Among the many plagues and catastrophes of Revelation are the bowl judgments, seven judgments "poured" onto the world by angels (16:1). Revelation 16 says that the fourth and fifth judgments of scorching fire from the sun (8-9) and darkness on the kingdom of the beast (10-11) are met with cursing by those who suffer. The text says they cursed God and refused to repent. Firstly, this does affirm free will. If one has no choice in a matter, one cannot truly refuse a belief or action. Secondly, something the wording teaches which I have never heard is that if those living chose not to repent, they have the ability to. Why is this something so controversial or overlooked in this particular case of those who cooperate with the beast?
By this point, since the beast reigns over his kingdom, the mark of the beast has been enforced. No one buys or sells legally without having it on their forehead or their right hand (13:16-17). However, Revelation 16:9 and 11 saying that those in alignment with the beast refused to repent, to be accurate, would require that they could repent if they were willing. In other words, they would not be excluded from the capacity for repentance and thus the capacity for redemption just because they received the mark of the beast, whether it was because they want sheer survival or because they genuinely are devoted to the antichrist.

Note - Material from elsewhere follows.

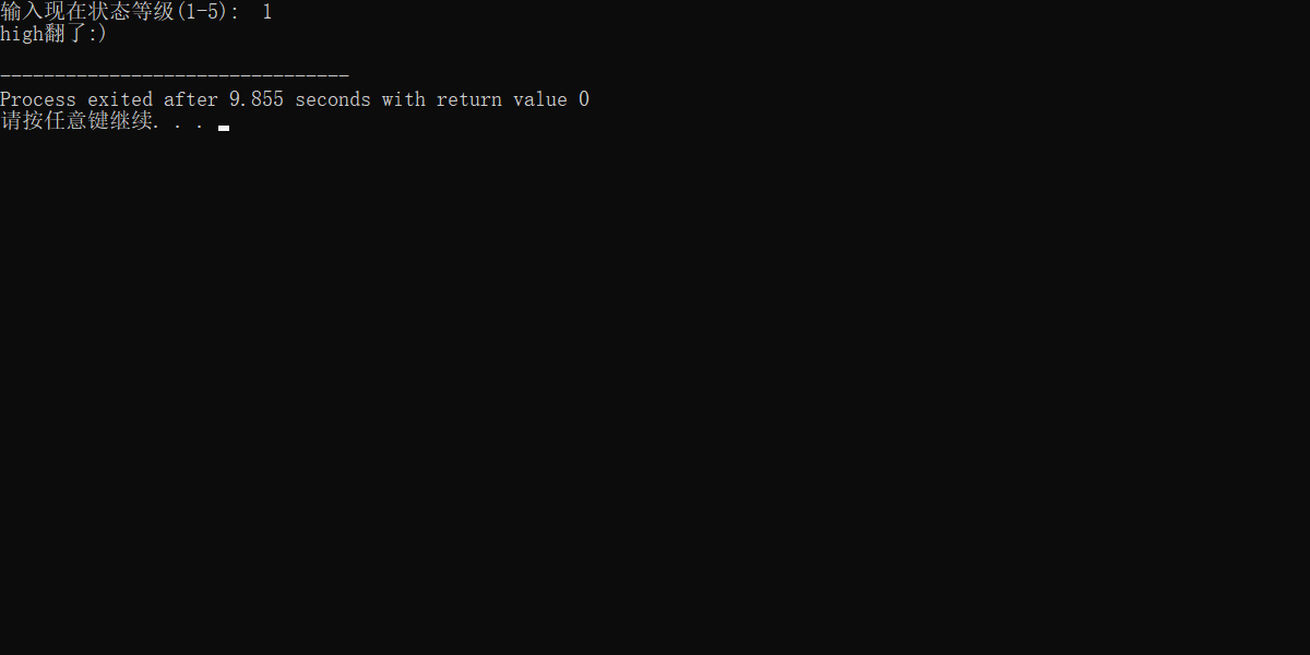 #include <stdio.h> int main() { int level; printf("输入现在状态等级(1-5): "); scanf("%d",&level); switch(level) { case 1: printf("high翻了:)\n"); break; case 2: printf("low爆了:(\n"); break; default: printf("一言难尽,无法概括。。。\n"); } return 0; }

Revelation 14:9-11 describes those with the mark of the beast as being tormented in the presence of angels and not having rest day or night. A common stance one might hear derived from these verses is that they will be tortured eternally in the lake of fire and that they forfeit all possibility of salvation for the rest of their lives. I have written about more important aspects and ramifications of this trio of verses, those being the issue of whether people who take the mark of the beast are eternally tortured in hell unlike how other sinners are reduced to a literal second death in the flames (2 Peter 2:6, Matthew 10:28, Revelation 20:15). Aside from how verse 11 only says the smoke of their torment rises forever, even if this was literally true, it would not be all humans who suffer eternally, only these. If it is figurative, then the Bible has already stated that cessation of life/conscious existence is what sin deserves (Ezekiel 18:4, John 3:16, Romans 1:32, 6:23).

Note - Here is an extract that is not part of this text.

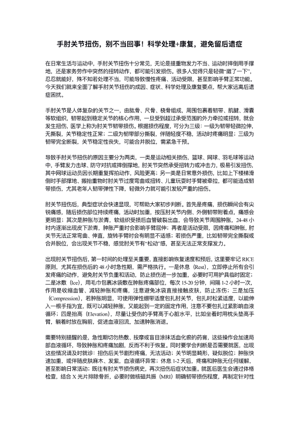 手肘关节扭伤,别不当回事!科学处理+康复,避免留后遗症
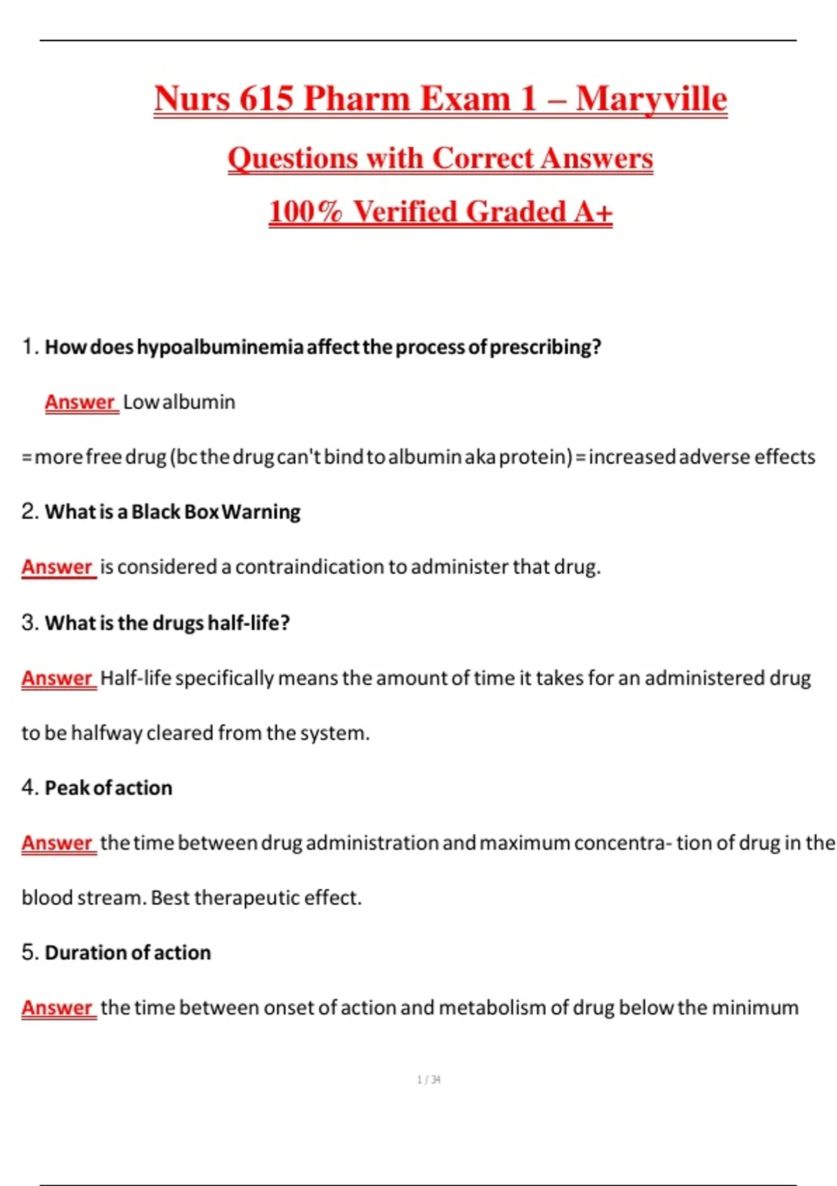Nurs 615 Pharm Exam 1 (Latest 2026/2027 Update) Complete Questions and Guide Answers, 100% Verified Graded A+ Maryville

Also, 2 Thessalonians 1:7-10 says that the wicked are punished by everlasting destruction and are shut out from the presence of God. If God is omnipresent, this could only mean they are not in existence. This would contradict the concept of any wicked humans being kept alive to be tortured without end, which is already inherently disproportionate to any amount of sins in a finite lifetime. All of this addresses one part of the popular teachings on those who take the mark of the beast. The relevance of Revelation 16:9 and 11 to this is that Revelation 14:9-11 would not be presenting those with the mark as inescapably damned once they bear it on their forehead or right hand.

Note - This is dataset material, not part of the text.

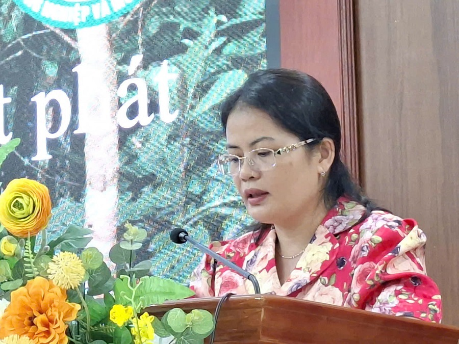 Đồng chí Đinh Thị Thu - Phó Giám đốc Sở Nông nghiệp và Môi trường tỉnh Lạng Sơn phát biểu tại Hội nghị
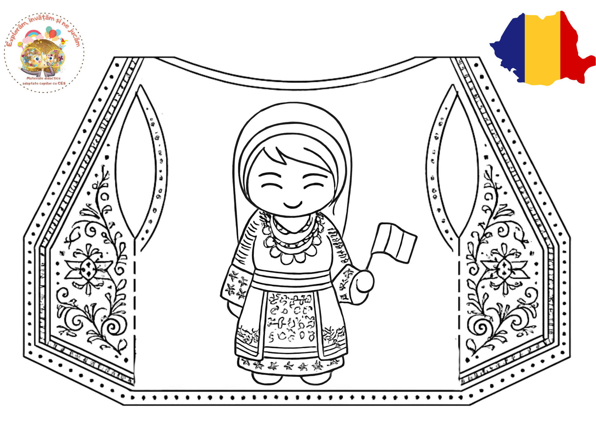Vestele traditionale de 1 Decembrie sunt perfecte pentru activitatile creative din perioada Zilei Nationale a Romaniei. Copiii pot colora, decupa si personaliza modelele inspirate din portul popular, transformandu-le in accesorii tematice pentru serbari sau activitati la clasa.

This addresses another component of the popular doctrinal misconception about the mark of the best. It is not just that those who take the mark were capable of receiving salvation beforehand, but it is also that they could repent afterward if only they were willing (22:17). Revelation also says they, at least at large, will not repent after they receive the mark, but that does not mean that they could not have. That verses 9-11 of chapter 14 say they will be tormented, whether on Earth or in hell being beside this point, would likewise not mean that they were locked out of salvation by God as opposed to their own constant refusal to repent.